Kritk an Arbeitsmarktreform
Clement enttäuscht über Personal Service Agenturen

Die als Kernstück der Hartz-Reform eingeführten Personal Service Agenturen (PSA) haben auch nach Meinung von Bundeswirtschafts- und Arbeitsminister Wolfgang Clement (SPD) die Erwartungen enttäuscht. Bislang seien lediglich 6500 Arbeitslose bei den PSA untergekommen, das sei ein „absolut unbefriedigendes Ergebnis“, sagte der Minister am Mittwoch in Berlin.

HB/dpa BERLIN. Clement wie auch der nordrhein-westfälische Arbeitsminister Harald Schartau (SPD) verteidigten die PSA aber gegen Kritik von Arbeitgebern und Gewerkschaften.

Clement kündigte eine Überprüfung an, ob die richtigen Unternehmen beauftragt worden seien. Er peile nach wie vor rund 50 000 Arbeitslose an, die als Leiharbeiter noch in diesem Jahr bei den PSA Beschäftigung finden sollen. Die bisherigen 6500 seien „viel zu wenig“. Er sei zuversichtlich, dass das Konzept an Fahrt gewinne, wenn es konjunkturell weiter aufwärts gehe.

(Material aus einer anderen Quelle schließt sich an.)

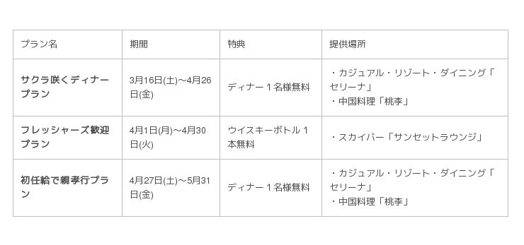 ホテル日航成田(成田市:総支配人 吉高誠)では、卒業や入学、就職される方々を応援する「フレッシャーズ応援フェア」を2019年3月16日(土)から5月31日(金)まで、各レストラン、バーにて実施いたします。ディナーが1名様無料となる「サクラ咲くディナープラン」と「初任給で親孝行プラン」、お好きなウイスキーボトルが1本無料となる「フレッシャーズ歓迎プラン」の3種のプランをご用意いたしました。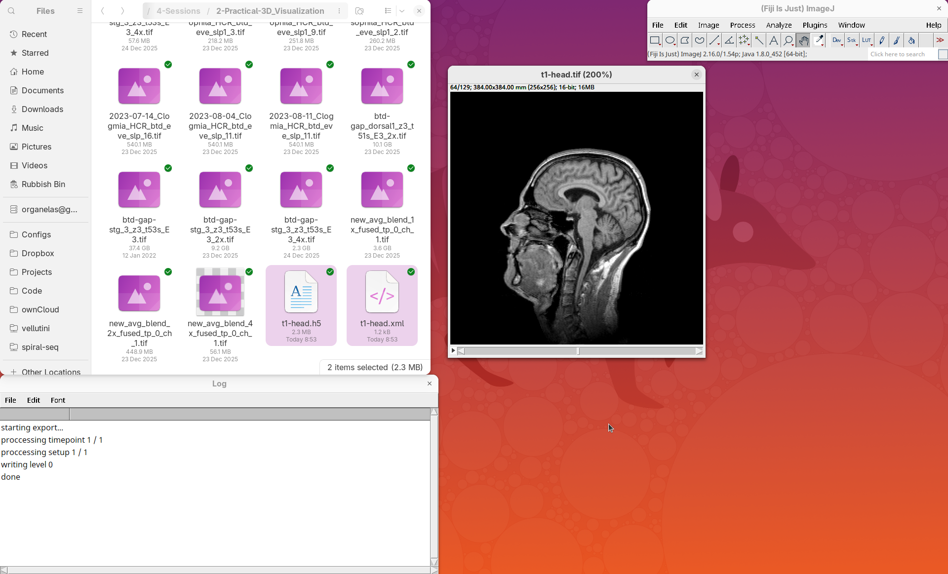 When done, you will find two new files in your working directory: t1-head.xml and t1-head.h5.
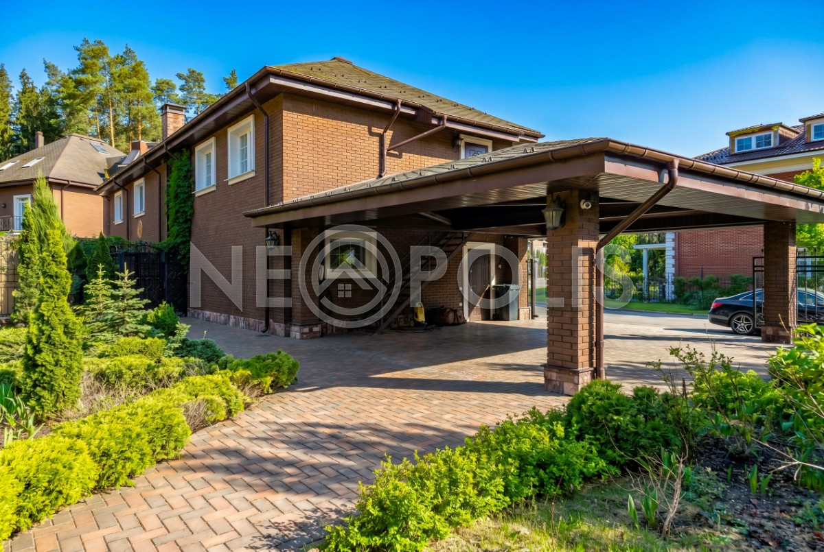 - Навес на 2 автомобиля. К дому примыкает закрытая зона барбекю с печью (48 кв.м.), с санузлом и кладовой.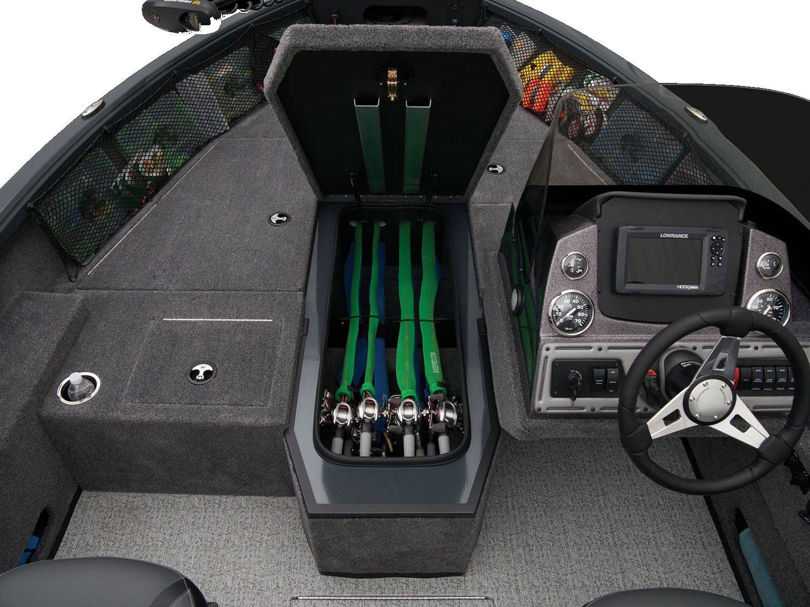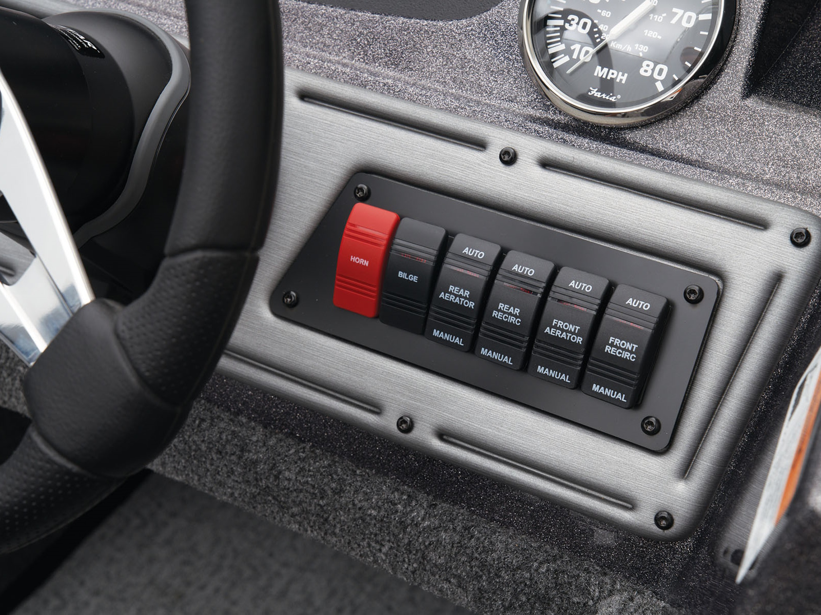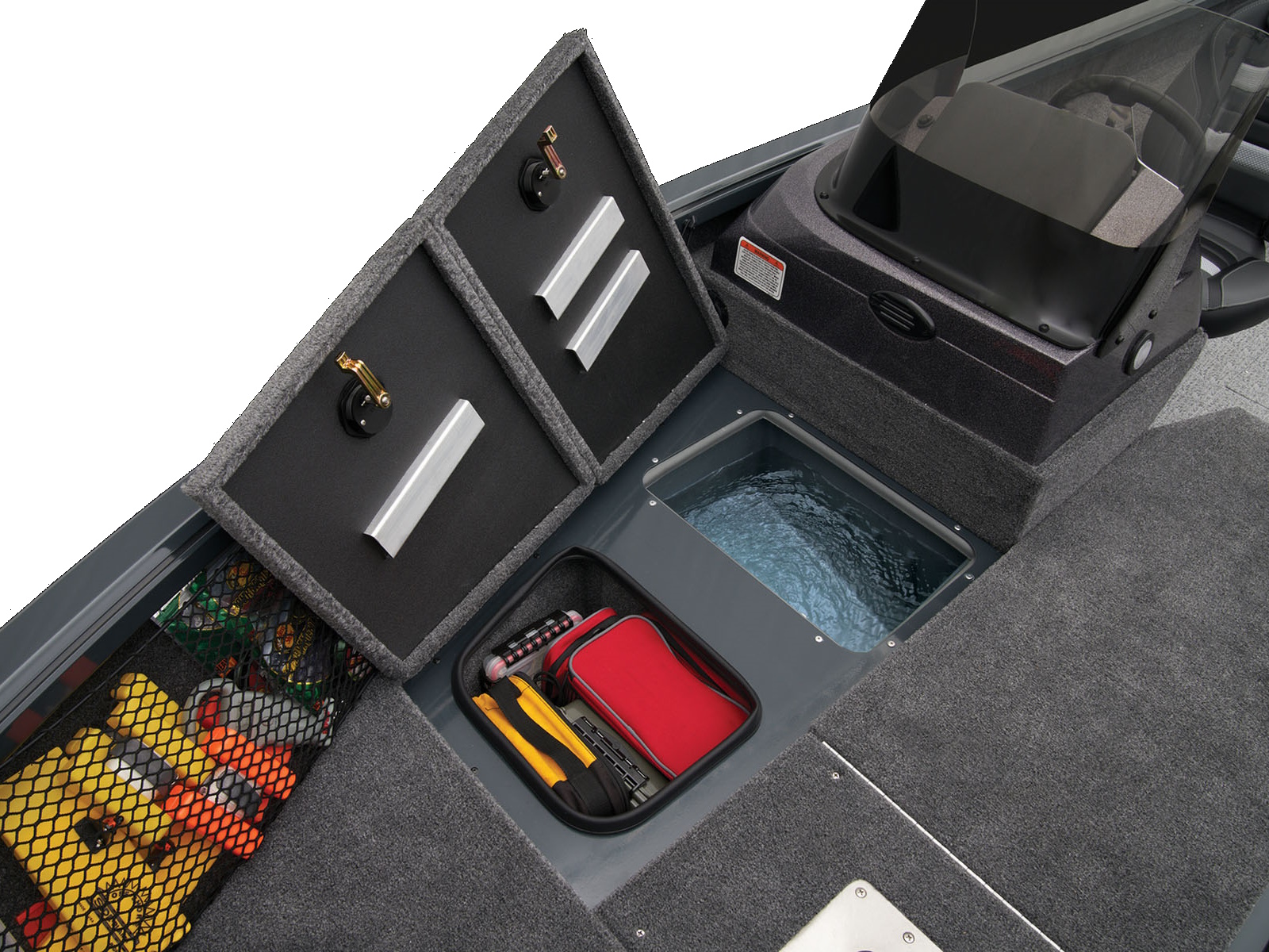 - Aerated divided livewell w/ timer and baitwell on rear deck

Sollten Erfolge aber dauerhaft ausbleiben, müsse man darüber „nachdenken, ob das, was wir eingeleitet haben, richtig ist.“

Schartau nannte die Zusammenarbeit der PSA mit den Arbeitsämtern noch nicht optimal. Er wies mit Clement den Vorwurf zurück, die Agenturen betrieben „Preisdumping“ mit Hilfe von Subventionen. Die Kritik der Arbeitgeber und Zeitarbeitsfirmen an den PSA sei nur deshalb so scharf, weil die Zeitarbeitsunternehmen wegen der konjunkturellen Flaute Probleme hätten, sagte Schartau im WDR. Die Bundesvereinigung der Deutschen Arbeitgeberverbände (BDA) dringt auf eine zügige Abschaffung der PSA.

SPD-Generalsekretär Olaf Scholz verteidigte die geplanten Leistungskürzungen für Arbeitslose. „Unter dem Gesichtspunkt der Teilhabe ist selbst schlecht bezahlte und unbequeme Arbeit besser als staatlich finanzierte Nichtarbeit“, sagte Scholz im Hamburger Magazin „Stern“. Wer länger als ein Jahr arbeitslos sei und danach aus Steuermitteln Unterstützung bekomme, „muss bereit sein, jede Arbeit anzunehmen, die ihm für andere Bürger zumutbar erscheint“.

Reformvorhaben am Kern vorbei

Die Reformvorhaben der Regierung zum Arbeitsmarkt gehen nach Ansicht des Instituts für Wirtschaftsforschung Halle (IWH) am Kern der Probleme vorbei. „Vieles ist nur Flickschusterei. Wenn die Vorschläge endlich auf dem Tisch liegen, wird sofort lauthals über die Reform zur Reform nachgedacht“, sagte IWH-Arbeitsmarktexperte Herbert Buscher in einem dpa-Gespräch. Das Grundproblem sei, dass es in Deutschland ein unzureichendes Angebot an Arbeitsstellen gebe, die besetzt werden könnten.

Kritik an den Reformplänen für den Arbeitsmarkt äußerte auch der Zentralverband des Deutschen Handwerks (ZDH). Generalsekretär Hanns- Eberhard Schleyer forderte die Regierung wie schon zuvor der DGB auf, die Umfinanzierung für die Zusammenlegung von Arbeitslosen- und Sozialhilfe grundlegend zu überarbeiten. Er verlangte eine „ehrliche, transparente und entlastungswirksame Lösung“, die kurzfristig die Senkung des Beitragssatzes zur Arbeitslosenversicherung von 6,5 auf 4,5 Prozent ermögliche und den Kommunen wieder Handlungsspielraum für Infrastruktur-Investitionen gebe. Der Bundesverband mittelständische Wirtschaft verlangte ebenfalls Korrekturen.